The task
The listing that follows should be copied in full and exactly, with no pictures.
----- Collected data
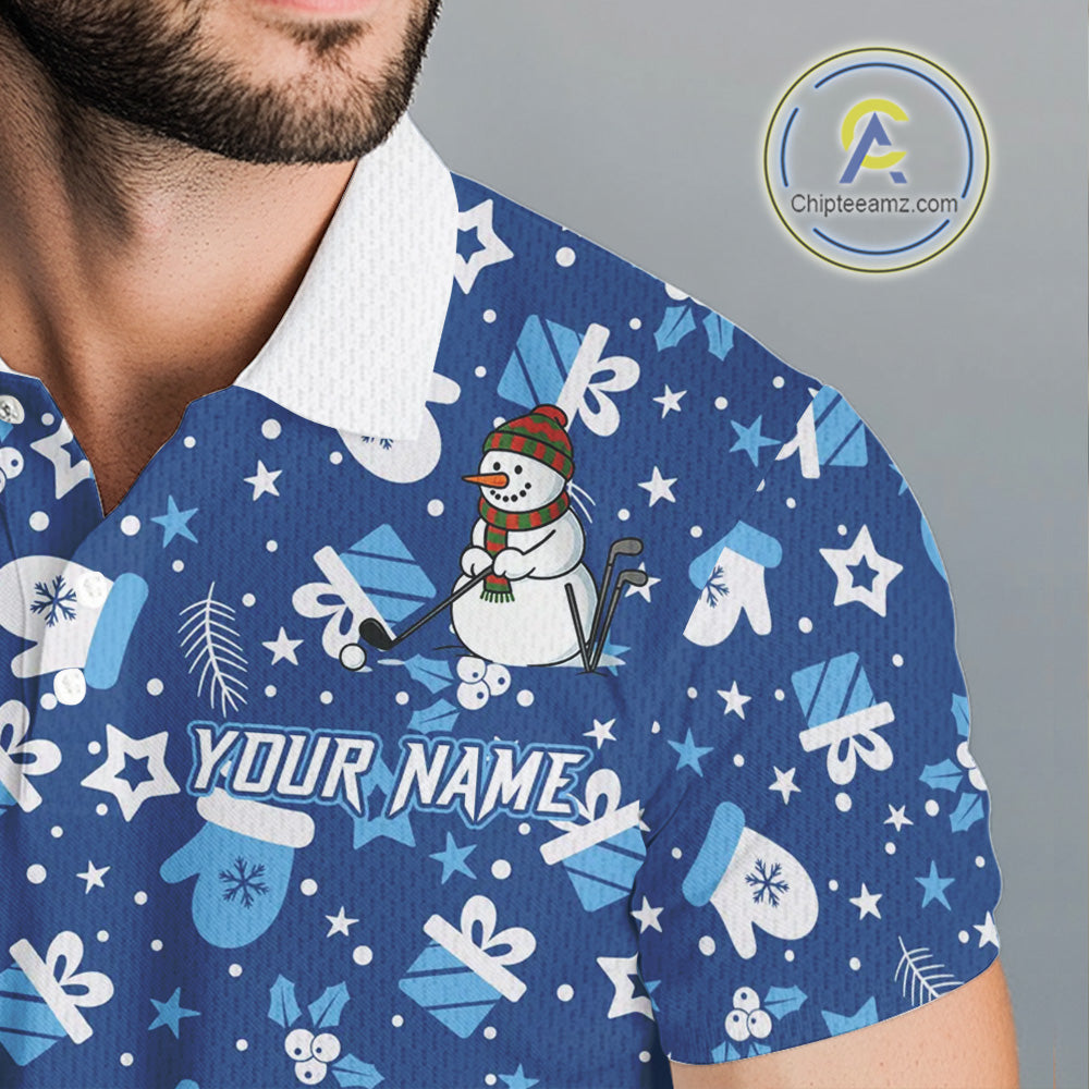 Blue and White Snowman Christmas pattern Golf Polo shirts For men Custom mens Christmas golf shirts NQS11004
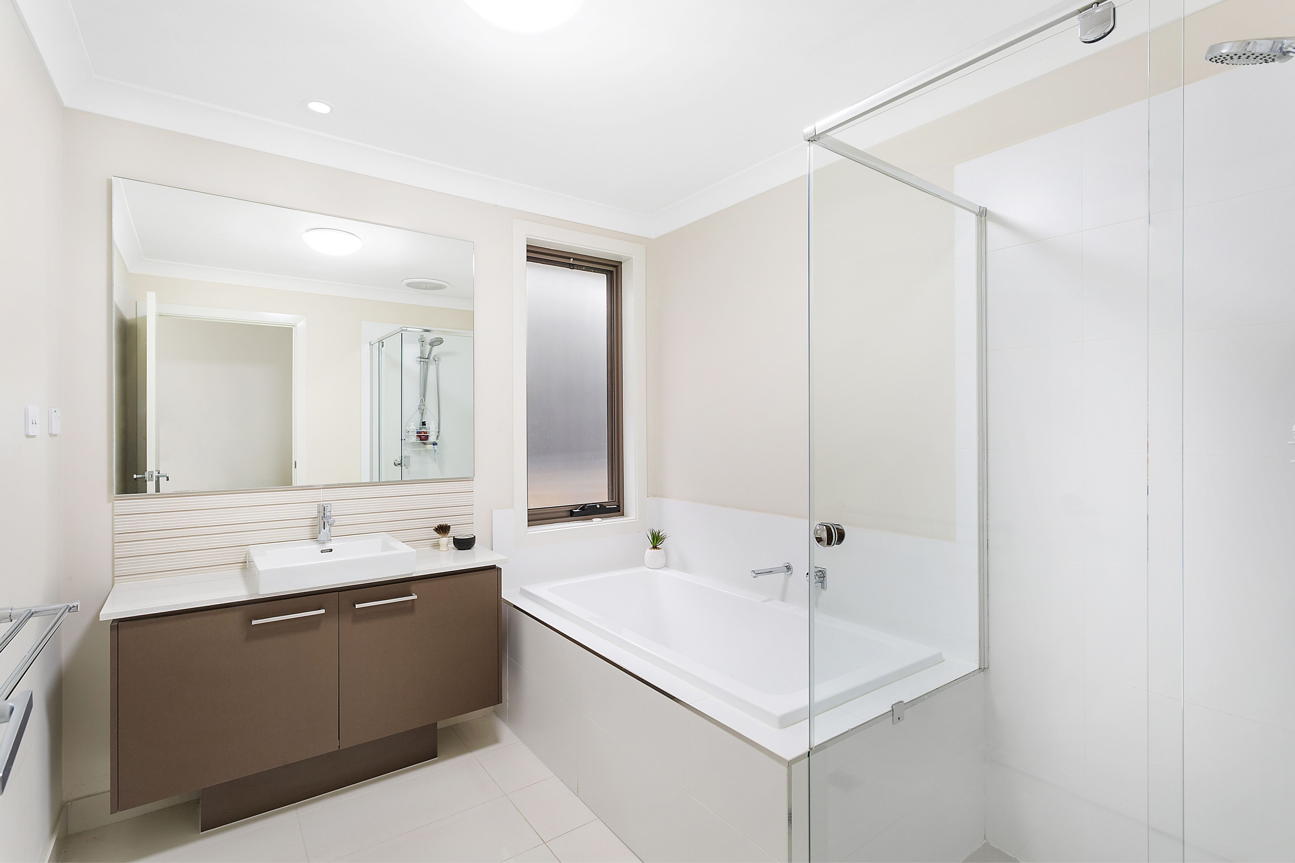 - Stylish bathroom reveals separate bath/shower, separate w/c
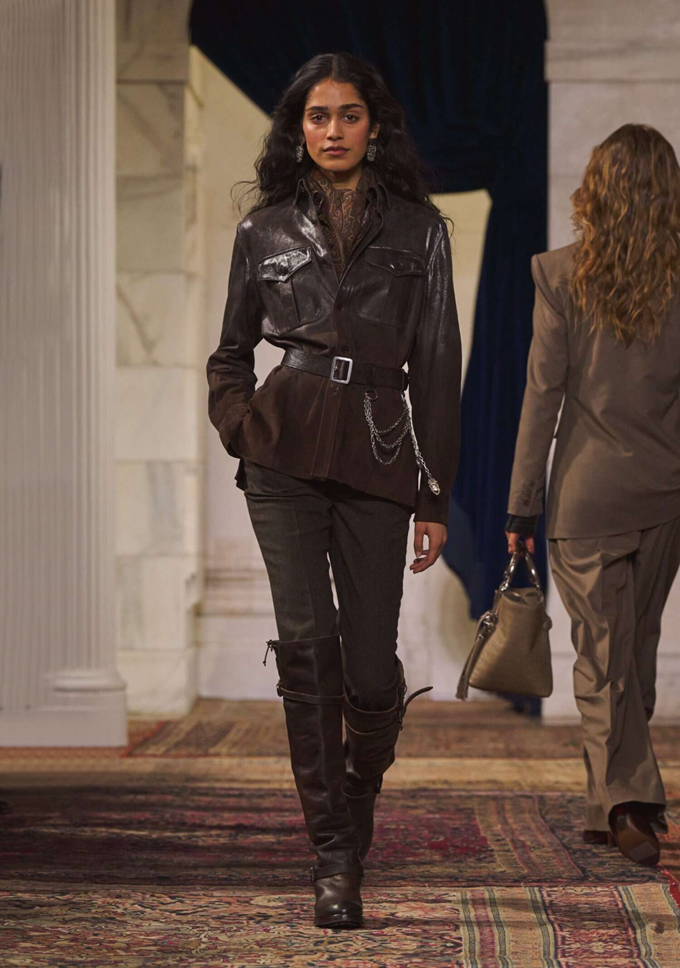 랄프 로렌의 이번 여성복 컬렉션은 브라운 계열 색상과 다양한 질감의 테일러링 재킷, 블레이저, 레딩고트, 거친 질감의 도네갈 트위드, 최고급 자카드, 아름다운 자수 실크 등 정교하고 여성스러운 클래식과 반항적인 기질이 조화를 이루며 이중적인 감각을 표현했다.
----------
Result of the task
 Blue and White Snowman Christmas pattern Golf Polo shirts For men Custom mens Christmas golf shirts NQS11004
 - Stylish bathroom reveals separate bath/shower, separate w/c
 랄프 로렌의 이번 여성복 컬렉션은 브라운 계열 색상과 다양한 질감의 테일러링 재킷, 블레이저, 레딩고트, 거친 질감의 도네갈 트위드, 최고급 자카드, 아름다운 자수 실크 등 정교하고 여성스러운 클래식과 반항적인 기질이 조화를 이루며 이중적인 감각을 표현했다.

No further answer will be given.